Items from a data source
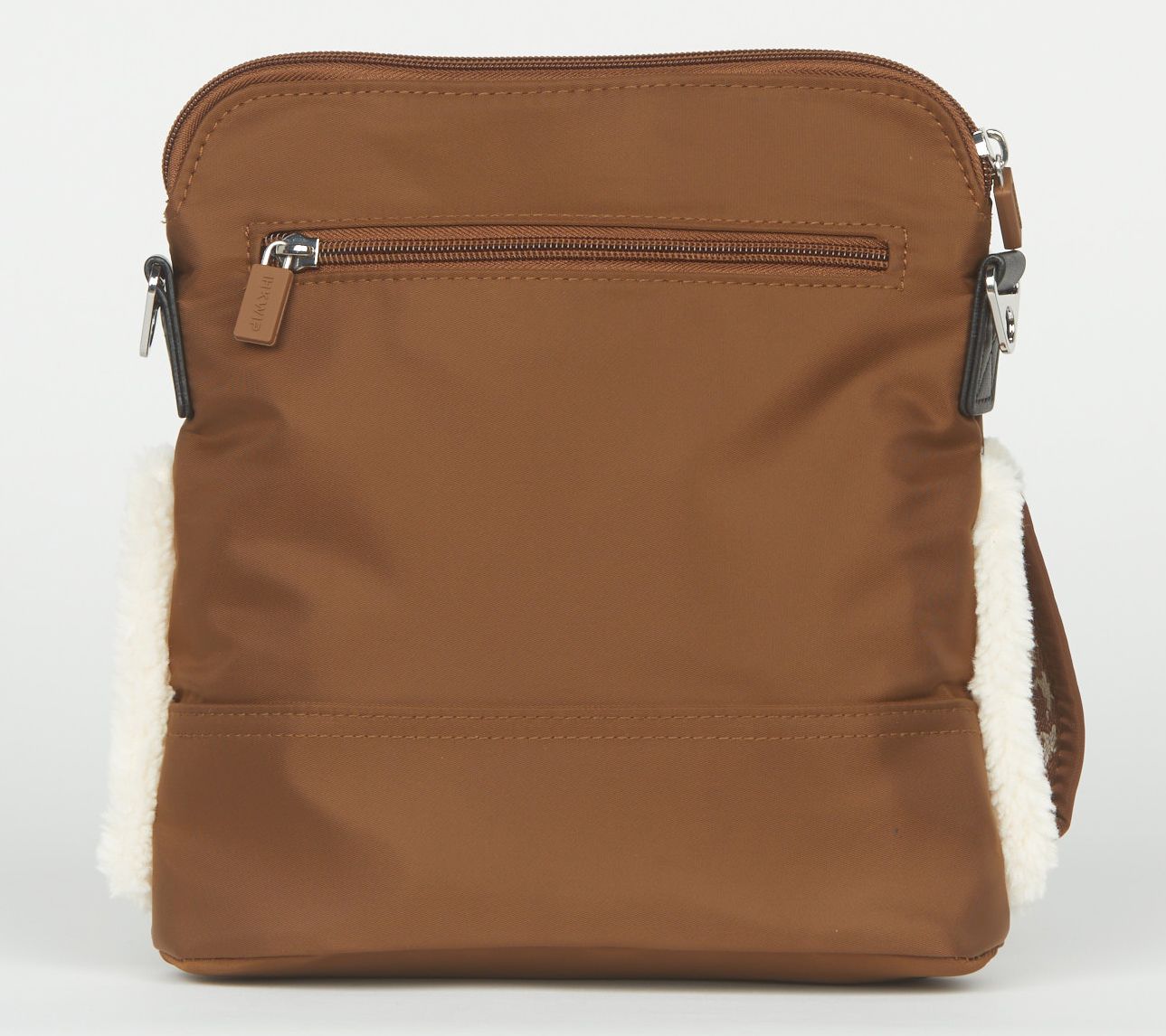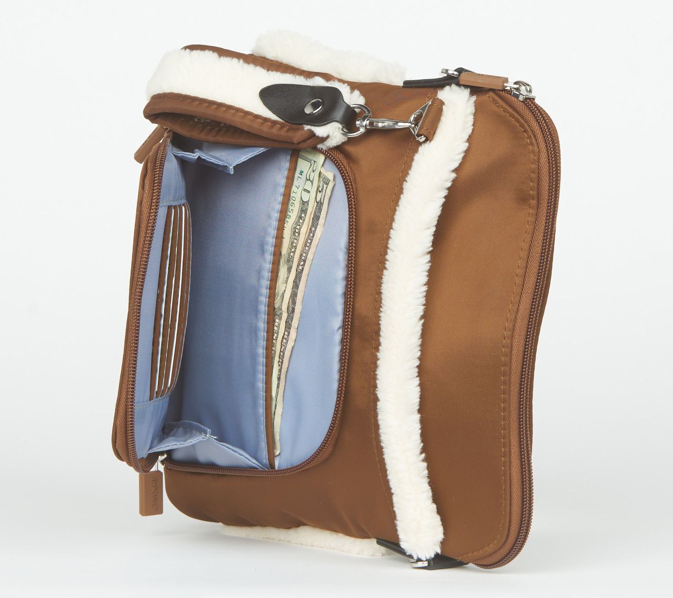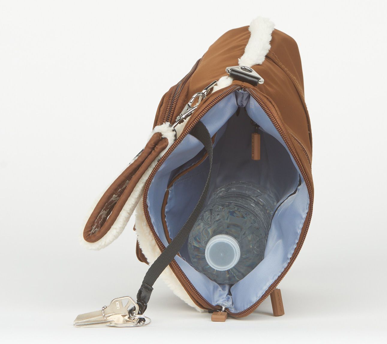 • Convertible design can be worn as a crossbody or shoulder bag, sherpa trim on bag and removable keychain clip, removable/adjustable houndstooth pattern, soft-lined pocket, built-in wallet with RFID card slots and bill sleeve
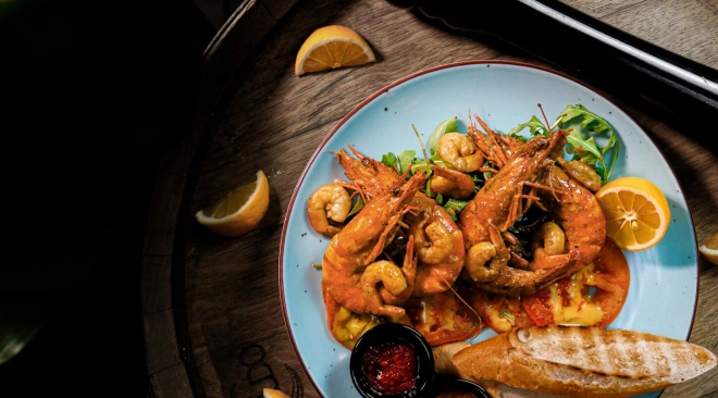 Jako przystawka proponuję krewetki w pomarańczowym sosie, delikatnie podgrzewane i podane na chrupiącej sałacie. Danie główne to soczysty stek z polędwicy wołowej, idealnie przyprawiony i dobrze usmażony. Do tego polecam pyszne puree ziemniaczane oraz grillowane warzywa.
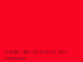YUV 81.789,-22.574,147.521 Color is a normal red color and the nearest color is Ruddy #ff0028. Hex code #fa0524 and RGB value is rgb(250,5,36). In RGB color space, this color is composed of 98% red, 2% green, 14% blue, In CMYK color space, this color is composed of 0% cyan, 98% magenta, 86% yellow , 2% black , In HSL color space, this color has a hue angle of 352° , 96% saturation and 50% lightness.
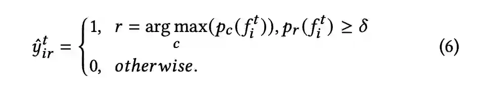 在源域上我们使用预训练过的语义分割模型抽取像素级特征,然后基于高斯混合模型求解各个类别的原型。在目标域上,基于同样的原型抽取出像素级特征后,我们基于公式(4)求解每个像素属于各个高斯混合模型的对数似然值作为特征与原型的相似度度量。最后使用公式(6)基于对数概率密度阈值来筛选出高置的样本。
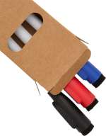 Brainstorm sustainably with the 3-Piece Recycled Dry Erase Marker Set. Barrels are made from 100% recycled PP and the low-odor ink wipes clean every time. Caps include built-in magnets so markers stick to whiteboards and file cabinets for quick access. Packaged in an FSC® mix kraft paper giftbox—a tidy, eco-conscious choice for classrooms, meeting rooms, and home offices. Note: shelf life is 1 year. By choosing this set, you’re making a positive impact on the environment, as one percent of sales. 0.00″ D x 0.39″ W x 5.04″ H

--

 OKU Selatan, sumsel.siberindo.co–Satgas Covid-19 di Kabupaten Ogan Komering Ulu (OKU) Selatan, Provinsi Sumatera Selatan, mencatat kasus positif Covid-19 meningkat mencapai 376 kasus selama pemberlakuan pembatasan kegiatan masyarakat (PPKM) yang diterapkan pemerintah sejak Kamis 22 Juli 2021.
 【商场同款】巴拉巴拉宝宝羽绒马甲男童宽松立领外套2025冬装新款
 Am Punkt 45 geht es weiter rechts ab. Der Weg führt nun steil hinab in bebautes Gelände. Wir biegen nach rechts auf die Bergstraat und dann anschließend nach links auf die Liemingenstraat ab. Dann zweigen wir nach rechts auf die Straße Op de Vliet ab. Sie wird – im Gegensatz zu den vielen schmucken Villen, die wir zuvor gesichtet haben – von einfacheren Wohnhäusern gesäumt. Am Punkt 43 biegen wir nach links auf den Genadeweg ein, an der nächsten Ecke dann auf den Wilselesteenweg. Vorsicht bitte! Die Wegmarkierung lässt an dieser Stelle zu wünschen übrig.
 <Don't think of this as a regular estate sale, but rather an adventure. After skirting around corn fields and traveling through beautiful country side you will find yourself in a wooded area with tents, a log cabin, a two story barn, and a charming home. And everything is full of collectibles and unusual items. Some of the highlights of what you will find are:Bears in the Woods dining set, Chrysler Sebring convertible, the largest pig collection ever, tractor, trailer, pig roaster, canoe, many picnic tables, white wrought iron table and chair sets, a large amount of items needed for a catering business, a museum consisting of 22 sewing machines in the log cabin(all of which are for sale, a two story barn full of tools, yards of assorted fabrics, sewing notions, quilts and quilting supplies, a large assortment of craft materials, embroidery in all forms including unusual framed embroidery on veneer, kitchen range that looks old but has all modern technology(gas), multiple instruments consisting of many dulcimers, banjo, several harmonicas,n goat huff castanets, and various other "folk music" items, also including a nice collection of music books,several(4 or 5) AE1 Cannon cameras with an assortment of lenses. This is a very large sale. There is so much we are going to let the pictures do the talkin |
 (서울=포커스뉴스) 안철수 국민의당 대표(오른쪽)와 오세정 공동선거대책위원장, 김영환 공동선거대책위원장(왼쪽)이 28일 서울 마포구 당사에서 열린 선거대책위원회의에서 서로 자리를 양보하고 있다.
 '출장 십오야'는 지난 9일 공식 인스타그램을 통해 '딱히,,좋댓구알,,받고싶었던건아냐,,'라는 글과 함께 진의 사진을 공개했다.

▸ **DIRECTIONS**: Taking the entries above, extract every line from the one bearing "Jako przystawka proponuję" through the one bearing "Brainstorm sustainably with", exactly, with no pictures.

▸ **EXPECTED OUTPUT**:
 Jako przystawka proponuję krewetki w pomarańczowym sosie, delikatnie podgrzewane i podane na chrupiącej sałacie. Danie główne to soczysty stek z polędwicy wołowej, idealnie przyprawiony i dobrze usmażony. Do tego polecam pyszne puree ziemniaczane oraz grillowane warzywa.
YUV 81.789,-22.574,147.521 Color is a normal red color and the nearest color is Ruddy #ff0028. Hex code #fa0524 and RGB value is rgb(250,5,36). In RGB color space, this color is composed of 98% red, 2% green, 14% blue, In CMYK color space, this color is composed of 0% cyan, 98% magenta, 86% yellow , 2% black , In HSL color space, this color has a hue angle of 352° , 96% saturation and 50% lightness.
 在源域上我们使用预训练过的语义分割模型抽取像素级特征,然后基于高斯混合模型求解各个类别的原型。在目标域上,基于同样的原型抽取出像素级特征后,我们基于公式(4)求解每个像素属于各个高斯混合模型的对数似然值作为特征与原型的相似度度量。最后使用公式(6)基于对数概率密度阈值来筛选出高置的样本。
 Brainstorm sustainably with the 3-Piece Recycled Dry Erase Marker Set. Barrels are made from 100% recycled PP and the low-odor ink wipes clean every time. Caps include built-in magnets so markers stick to whiteboards and file cabinets for quick access. Packaged in an FSC® mix kraft paper giftbox—a tidy, eco-conscious choice for classrooms, meeting rooms, and home offices. Note: shelf life is 1 year. By choosing this set, you’re making a positive impact on the environment, as one percent of sales. 0.00″ D x 0.39″ W x 5.04″ H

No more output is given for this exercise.